TASK PROMPT
Could you retype every line below exactly, omitting the images?

DATA EXTRACT
'''

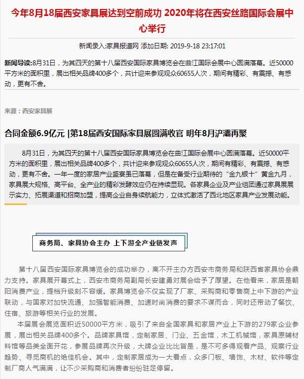 2020年9月17-20日,匯聚眾多期待的第19屆西安國際家具博覽會暨西安全屋定制家居展覽會(以下簡稱西安家具展)將在西安國際會展中心盛大啟幕,呈現(xiàn)一場精彩大氣的家具展,為大型會展活動再添濃墨重彩的一筆。
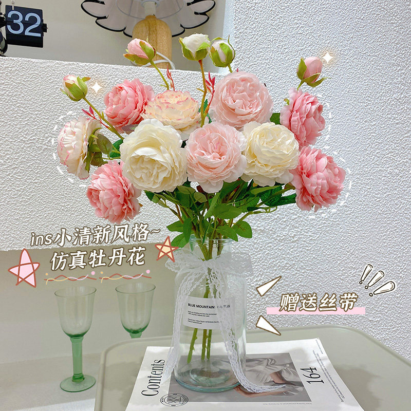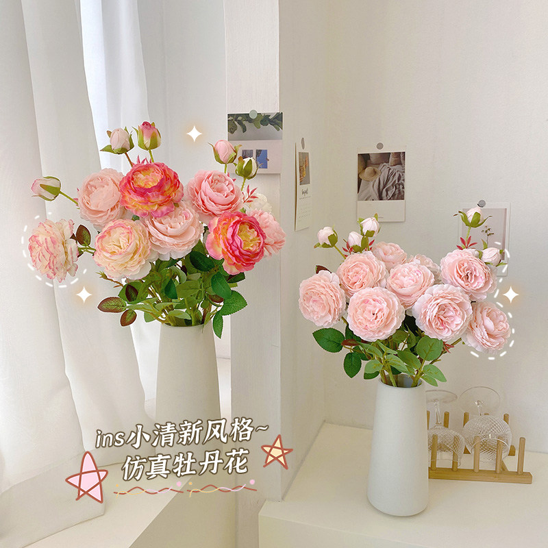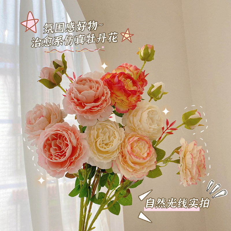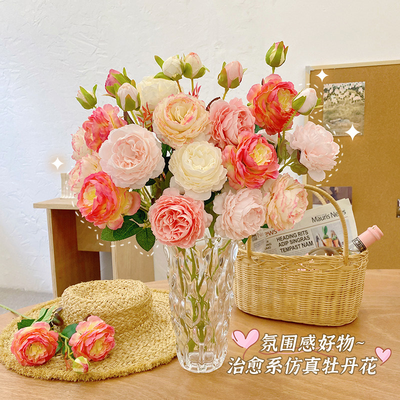 Peony simulation flower fake flower indoor living room decorative flower decoration table flower decoration rose flower dry flower bouquet light luxury
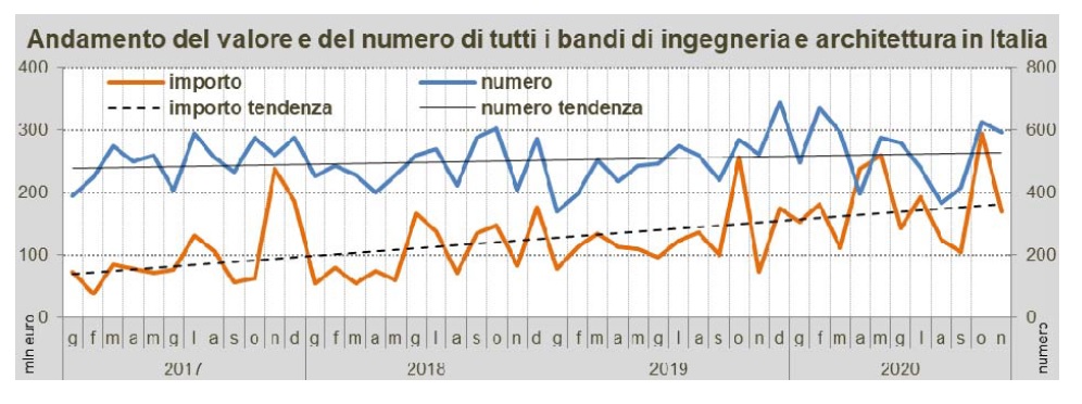 Il mercato di tutti i servizi di ingegneria e architettura in novembre ha un andamento in calo rispetto al mese precedente, le gare pubblicate sono state 592 per un valore di 169,9 milioni di euro, -5,3% in numero e -42,3% in valore sul precedente mese di ottobre, mese record dell’anno. Ma rispetto a novembre 2019 il numero cresce del 13,4% e il valore del 132,9%.

'''

YOUR RESPONSE
 2020年9月17-20日,匯聚眾多期待的第19屆西安國際家具博覽會暨西安全屋定制家居展覽會(以下簡稱西安家具展)將在西安國際會展中心盛大啟幕,呈現(xiàn)一場精彩大氣的家具展,為大型會展活動再添濃墨重彩的一筆。
 Peony simulation flower fake flower indoor living room decorative flower decoration table flower decoration rose flower dry flower bouquet light luxury
 Il mercato di tutti i servizi di ingegneria e architettura in novembre ha un andamento in calo rispetto al mese precedente, le gare pubblicate sono state 592 per un valore di 169,9 milioni di euro, -5,3% in numero e -42,3% in valore sul precedente mese di ottobre, mese record dell’anno. Ma rispetto a novembre 2019 il numero cresce del 13,4% e il valore del 132,9%.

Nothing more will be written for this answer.